[Start of section]

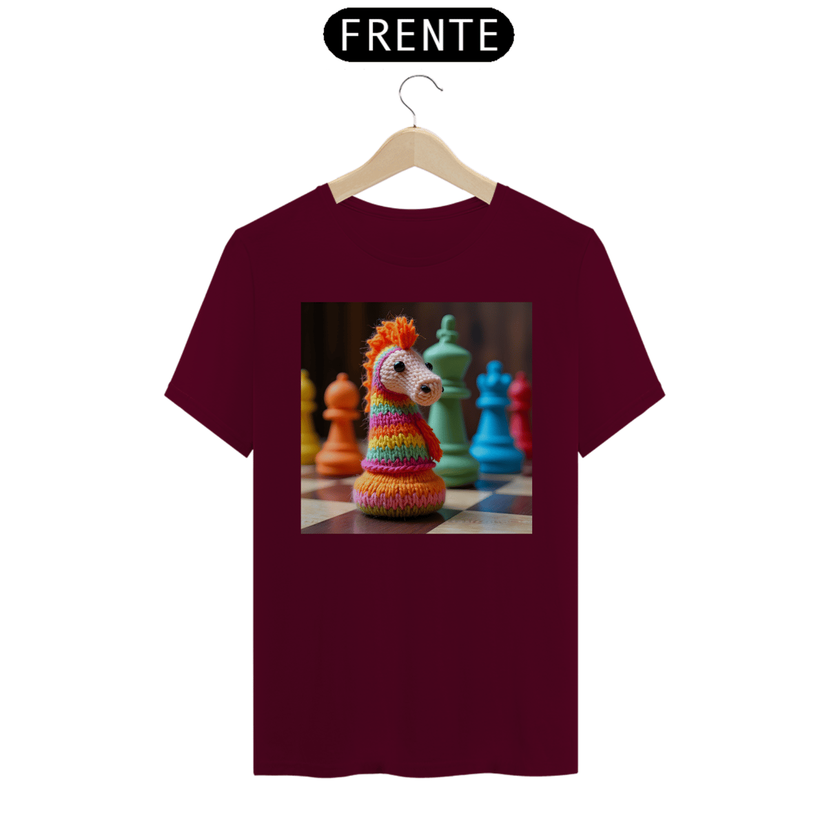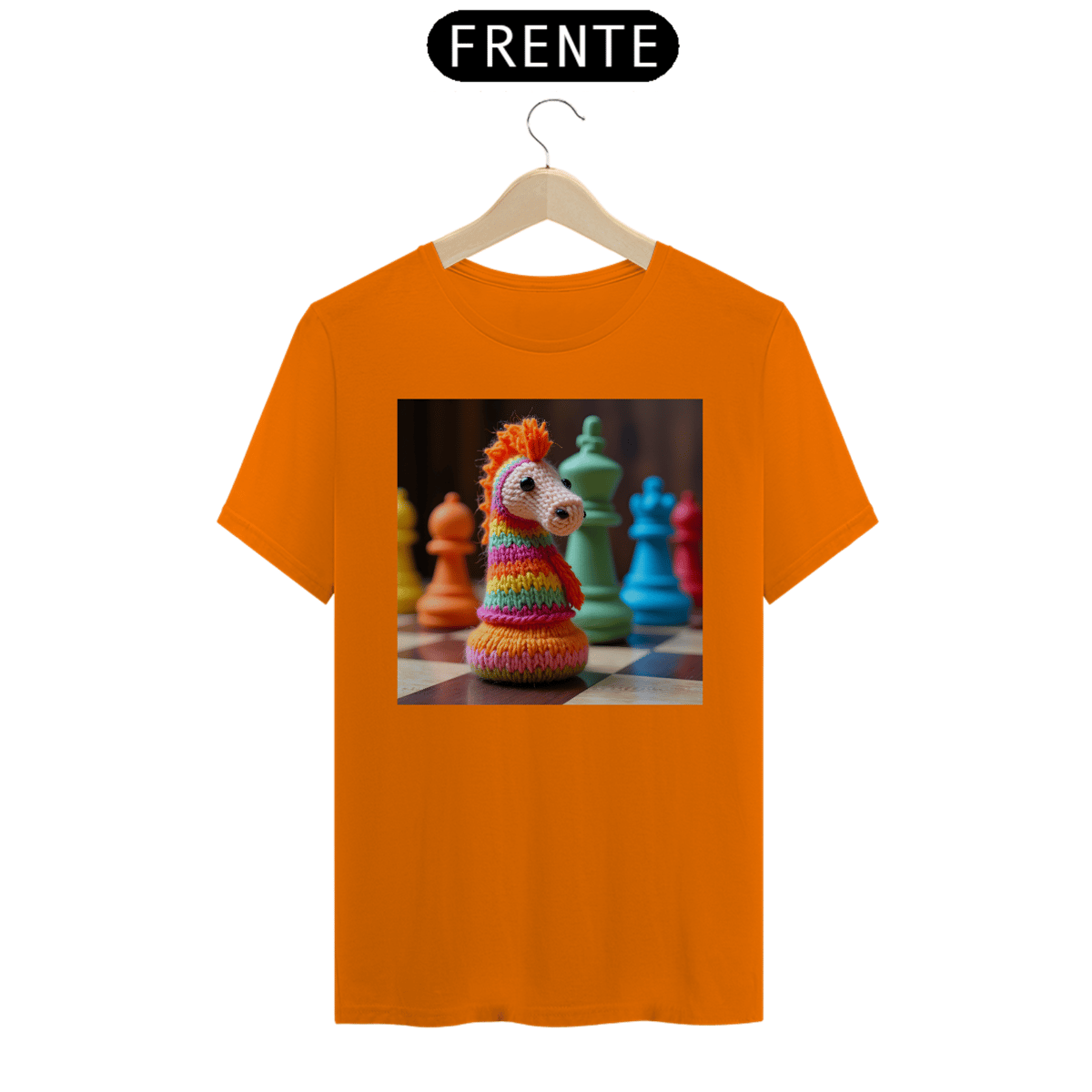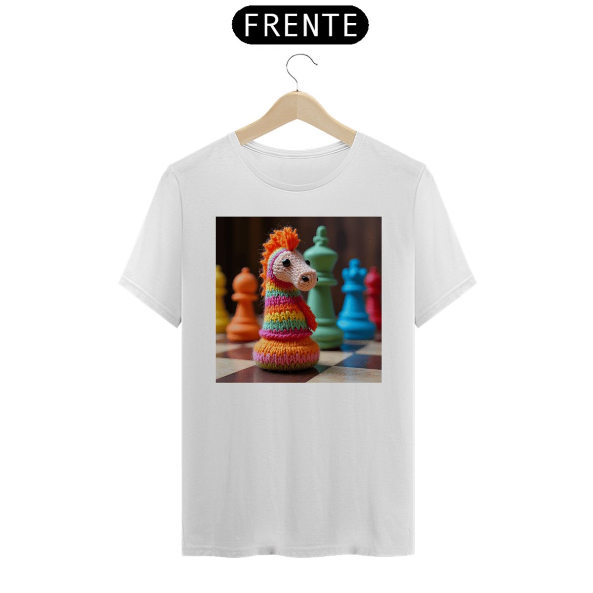 Delicadeza, cor e estratégia reunidas em uma estampa única! A camiseta "Knitted Knight" apresenta um cavalo de crochê super colorido, com corpo em arco-íris e crina laranja vibrante, posicionado sobre um tabuleiro de xadrez clássico, em tons terrosos.
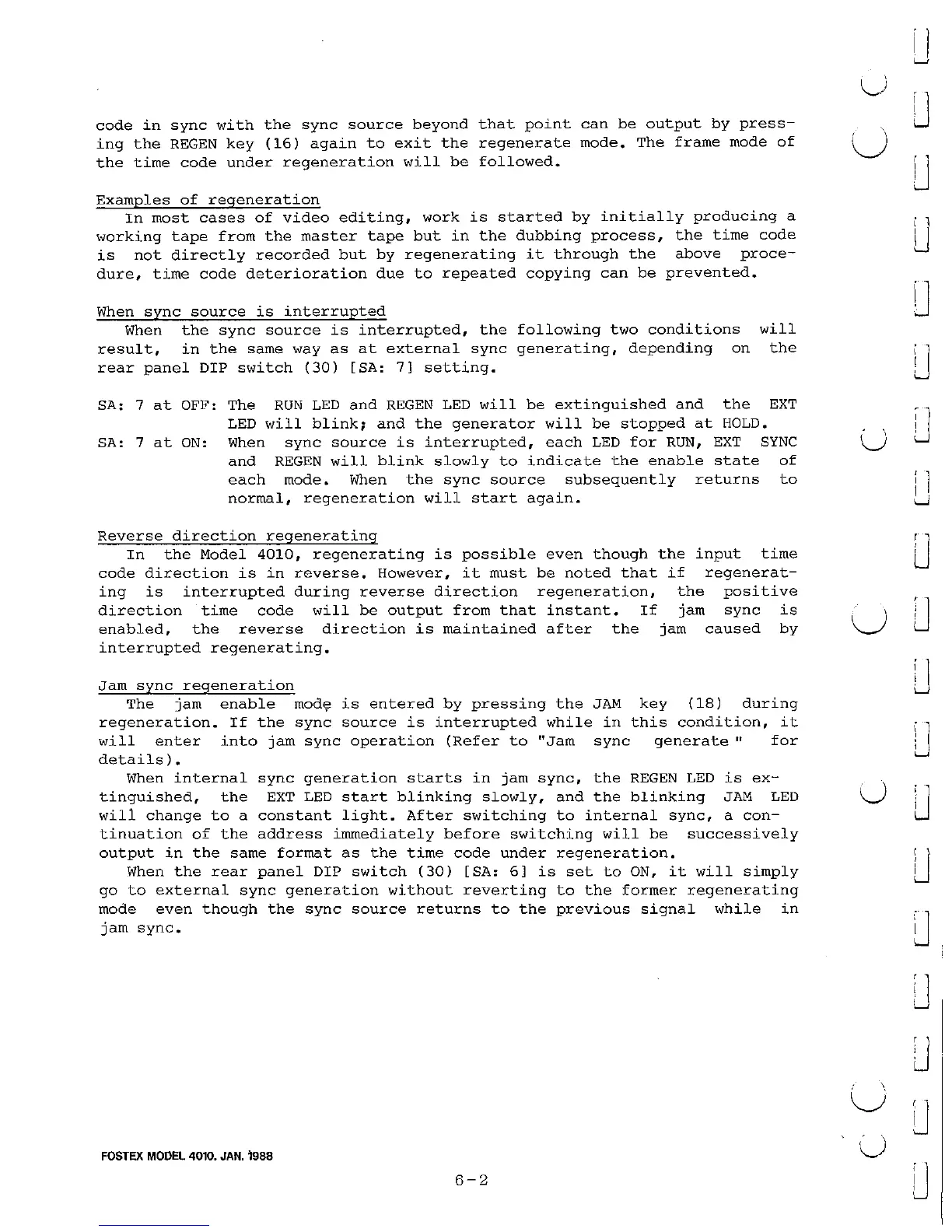 Fostex 4010 - Examples of Regeneration; When Sync Source Is Interrupted; Reverse Direction Regenerating
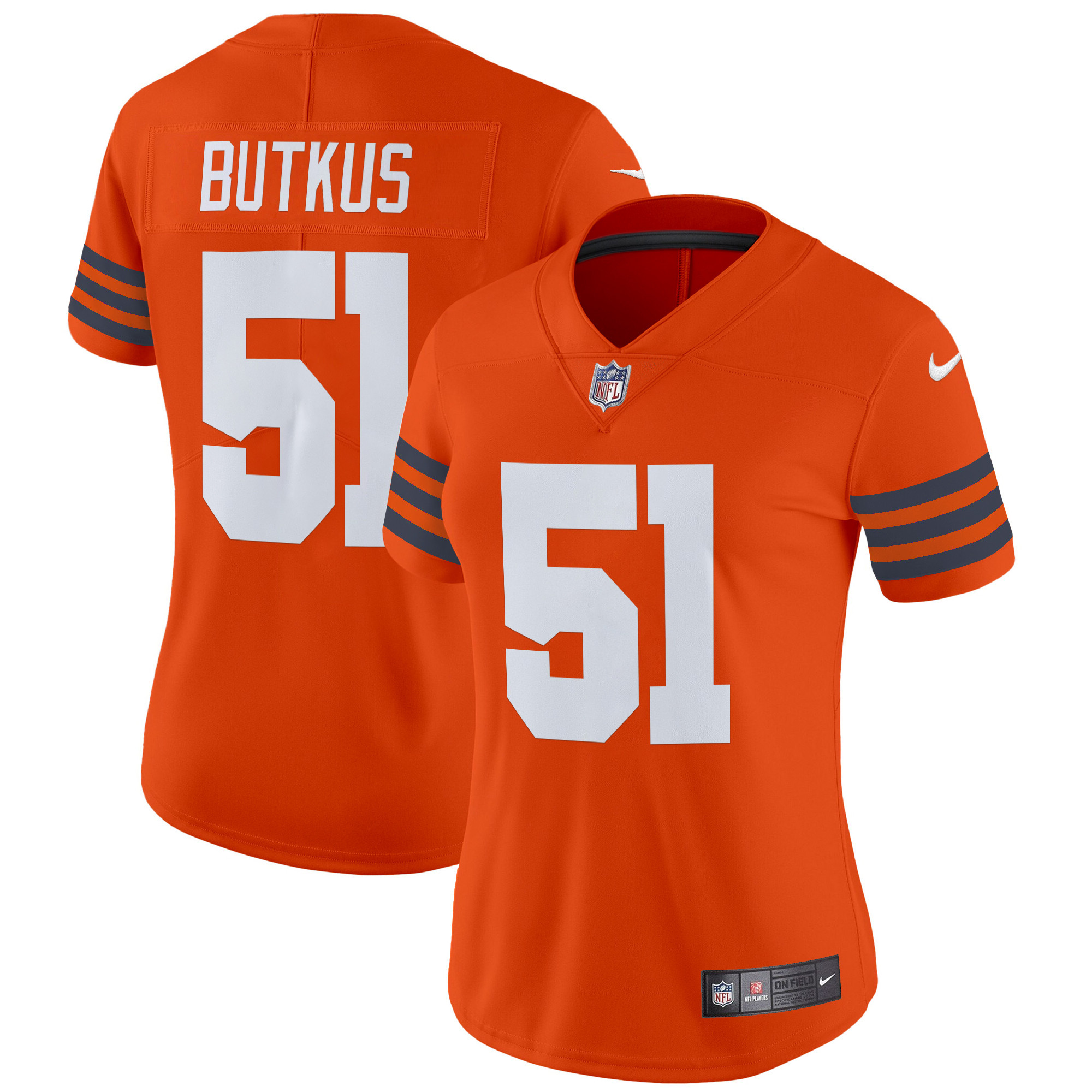 D’Andre Swift Women’s Chicago Bears Throwback Vapor Limited Orange Jersey – All Stitched
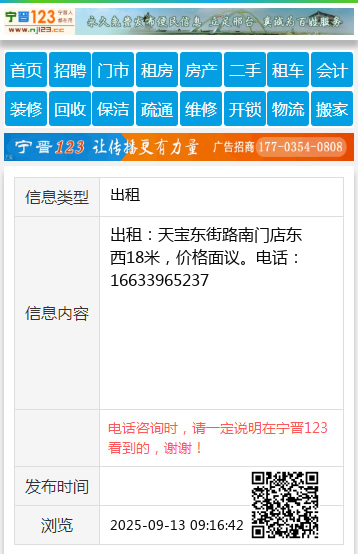 出租:天宝东街路南门店东西18米,价格面议。电话:16633965237
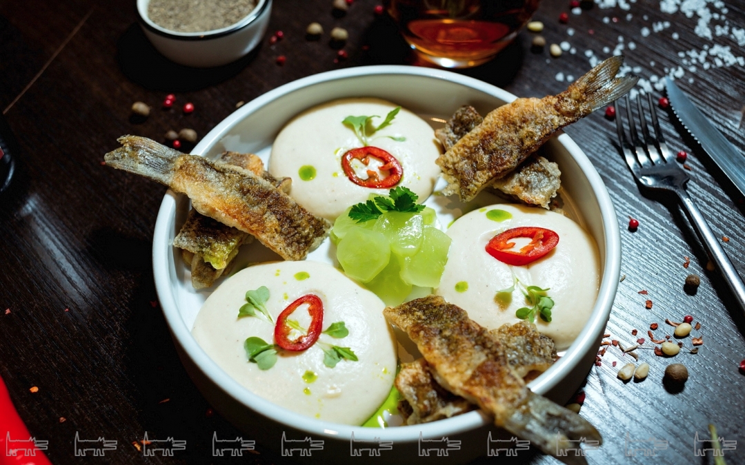 Пивная гастрономия в виде легких рыбных блюд и морепродуктов, то есть отличная от классического трио сосисок, ребрышек и рульки. Флагманский раздел меню — с раками: всего семнадцать рецептов их приготовления. За кухню проекта отвечает Антон Широков: повар начал карьеру в «Кококо» и московском «Фаренгейте».
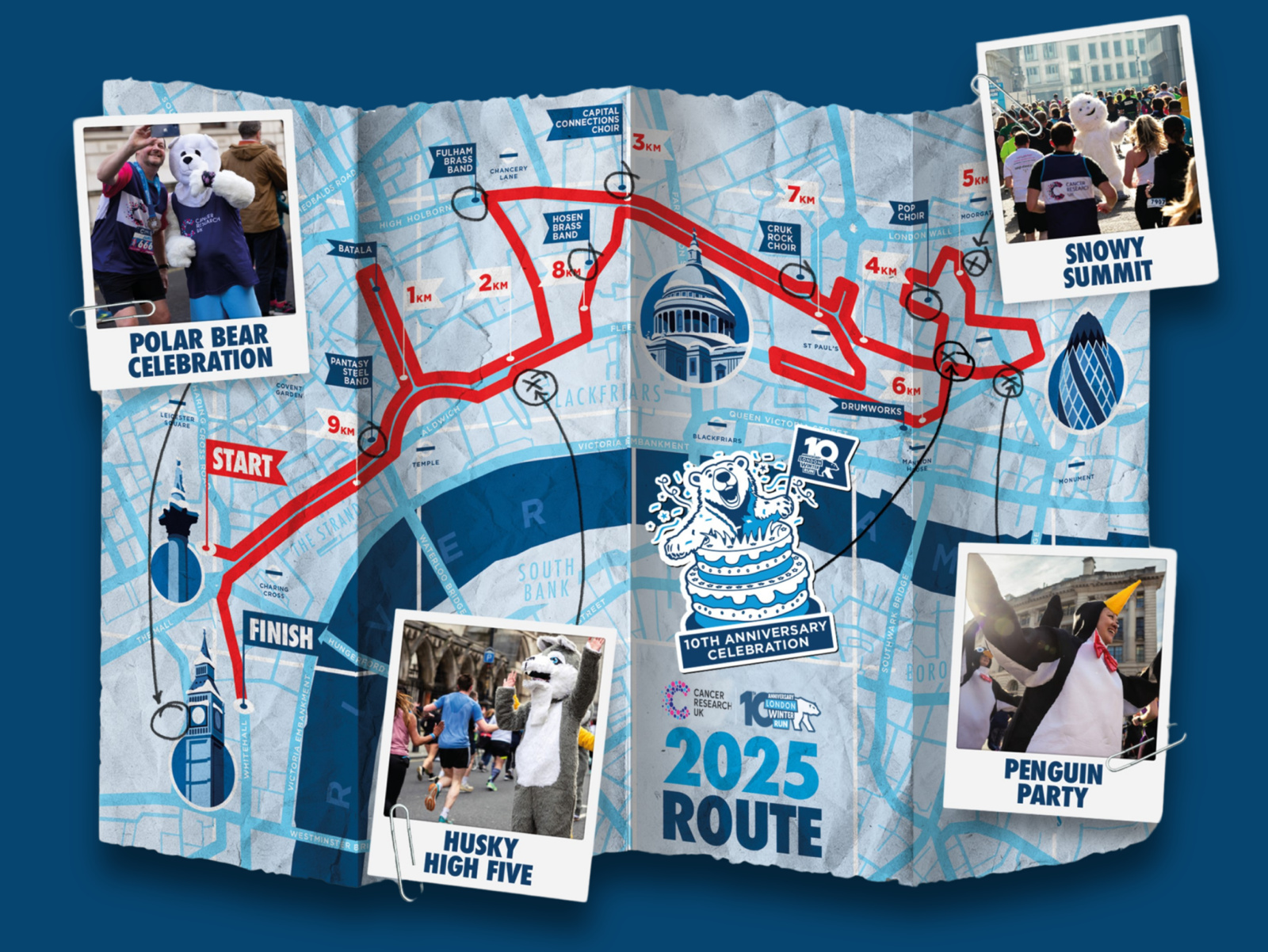 We love a good custom map for an event, and the London Winter Run has just one – and despite it pretending to be an image of a printed map, it is nice and clear and very readable. You know exactly where you’ll be running if you talk part on the London Winter Run 10K race. This is the 2025 route map but the 2026 one will, we presume, be a similar tour of central London landmarks and views.

[End of section]

→ EXERCISE OBJECTIVE
The material shown above is to be repeated verbatim, and its pictures are to be omitted.

→ EXERCISE SOLUTION
 Delicadeza, cor e estratégia reunidas em uma estampa única! A camiseta "Knitted Knight" apresenta um cavalo de crochê super colorido, com corpo em arco-íris e crina laranja vibrante, posicionado sobre um tabuleiro de xadrez clássico, em tons terrosos.
 Fostex 4010 - Examples of Regeneration; When Sync Source Is Interrupted; Reverse Direction Regenerating
 D’Andre Swift Women’s Chicago Bears Throwback Vapor Limited Orange Jersey – All Stitched
 出租:天宝东街路南门店东西18米,价格面议。电话:16633965237
 Пивная гастрономия в виде легких рыбных блюд и морепродуктов, то есть отличная от классического трио сосисок, ребрышек и рульки. Флагманский раздел меню — с раками: всего семнадцать рецептов их приготовления. За кухню проекта отвечает Антон Широков: повар начал карьеру в «Кококо» и московском «Фаренгейте».
 We love a good custom map for an event, and the London Winter Run has just one – and despite it pretending to be an image of a printed map, it is nice and clear and very readable. You know exactly where you’ll be running if you talk part on the London Winter Run 10K race. This is the 2025 route map but the 2026 one will, we presume, be a similar tour of central London landmarks and views.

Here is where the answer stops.